**REQUIRED ACTION**
Would you return the data below exactly as it stands, with every picture left out?

(DATA EXCERPT)

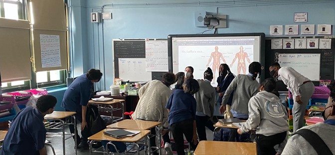 2. New – Students and Teachers in Action this Week: We are thrilled to continue celebrating the hard work of our students as they engage in their learning each and every day. This week, we spotlight our middle school scientists-in-training. Sixth grade scientists have been exploring different body systems and their functions. Scholars are learning how these human body systems are all interconnected and dependent on one another. In the attached photo, Ms LaPlaca, Mr Thomas, and our scholars are playing a quick game of “Ms. LaPlaca says” to learn about the different muscles in the human body.
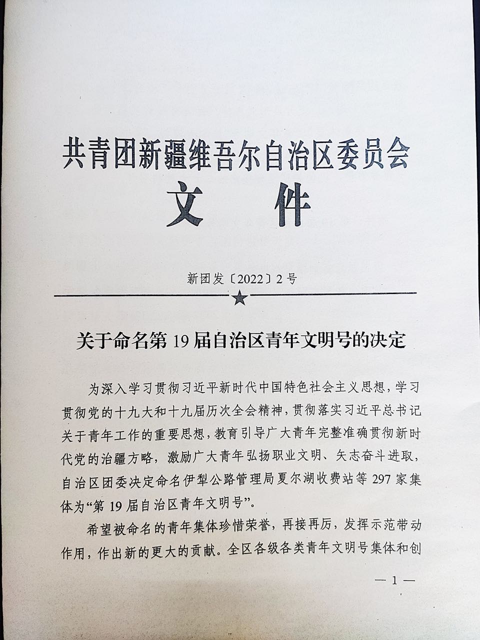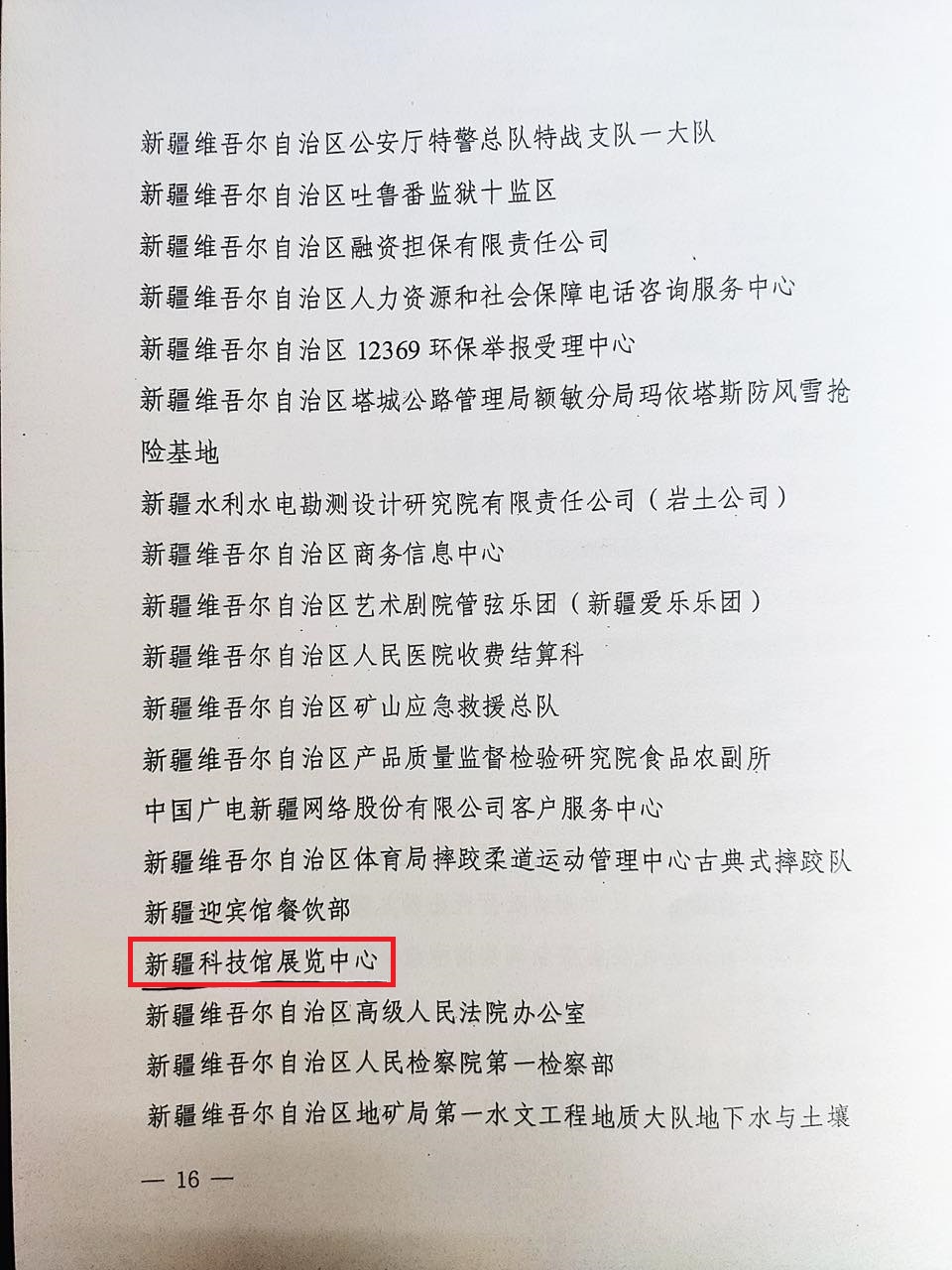 根據共青團新疆維吾爾自治區委員會《關于命名第19屆自治區青年文明號的決定》(新團發【2022】 2號),新疆科技館展覽中心榮獲“第19屆自治區青年文明號”榮譽稱號。
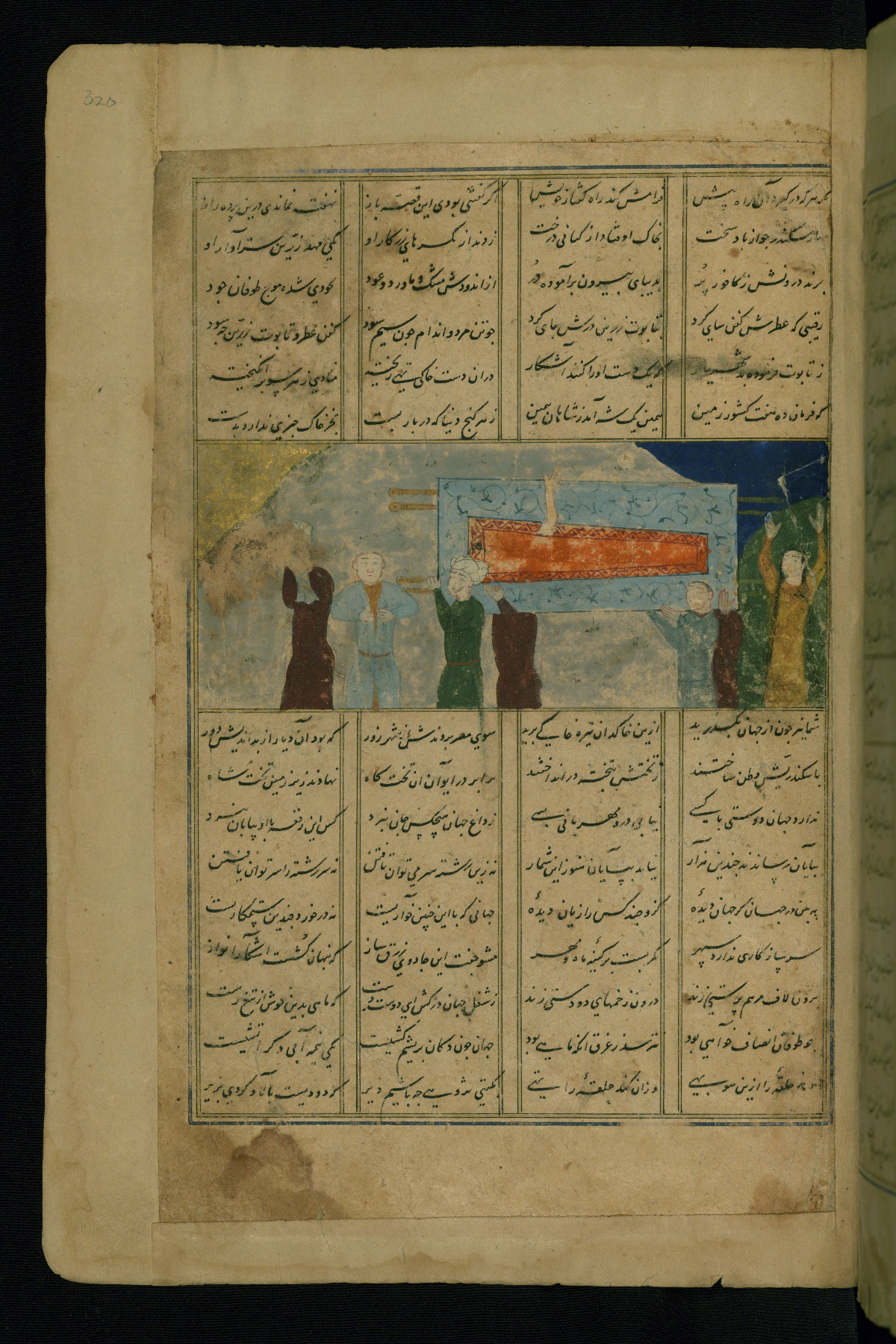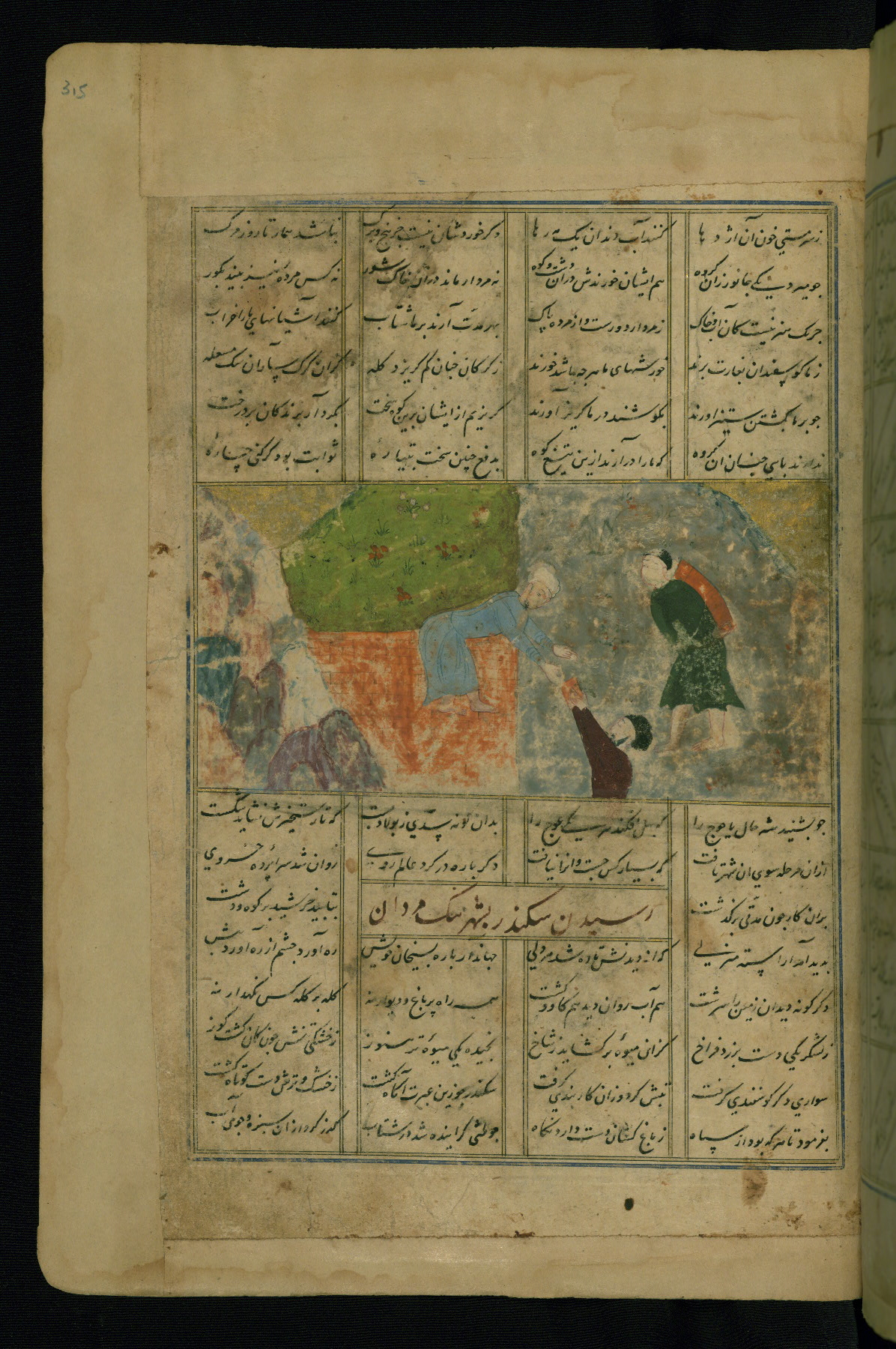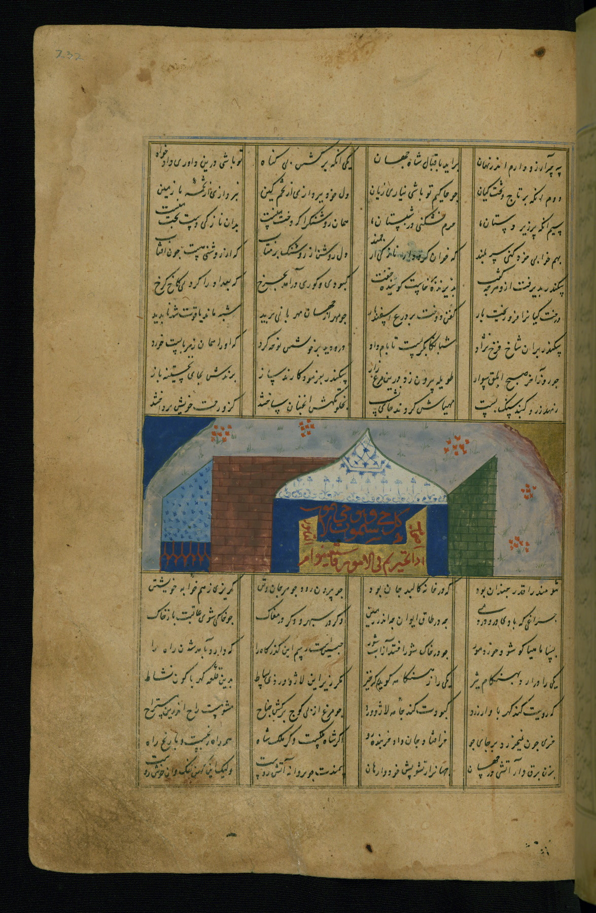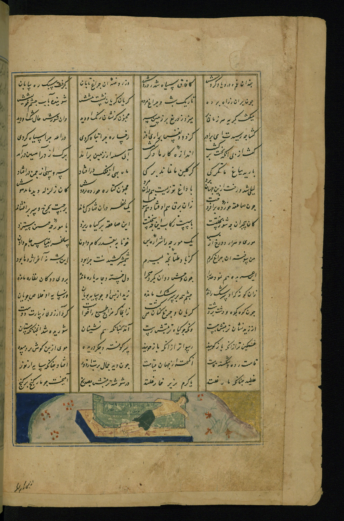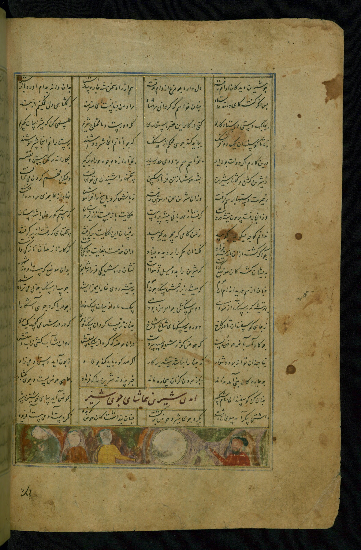 - Text note: Contains the following poems: Makhzan al-asrār (fols. 1b-25b), Khusraw va Shīrīn (fols. 26b-96a), Laylá va Majnūn (fols. 97a-145b), Haft paykar (fols. 146b-201a), and Iskandarnāmah (fols. 202b-323b), with Iqbālnāmah (second part of the Iskandarnāmah) beginning on fol. 281b

(End DATA EXCERPT)

**EXERCISE SOLUTION**
 2. New – Students and Teachers in Action this Week: We are thrilled to continue celebrating the hard work of our students as they engage in their learning each and every day. This week, we spotlight our middle school scientists-in-training. Sixth grade scientists have been exploring different body systems and their functions. Scholars are learning how these human body systems are all interconnected and dependent on one another. In the attached photo, Ms LaPlaca, Mr Thomas, and our scholars are playing a quick game of “Ms. LaPlaca says” to learn about the different muscles in the human body.
 根據共青團新疆維吾爾自治區委員會《關于命名第19屆自治區青年文明號的決定》(新團發【2022】 2號),新疆科技館展覽中心榮獲“第19屆自治區青年文明號”榮譽稱號。
 - Text note: Contains the following poems: Makhzan al-asrār (fols. 1b-25b), Khusraw va Shīrīn (fols. 26b-96a), Laylá va Majnūn (fols. 97a-145b), Haft paykar (fols. 146b-201a), and Iskandarnāmah (fols. 202b-323b), with Iqbālnāmah (second part of the Iskandarnāmah) beginning on fol. 281b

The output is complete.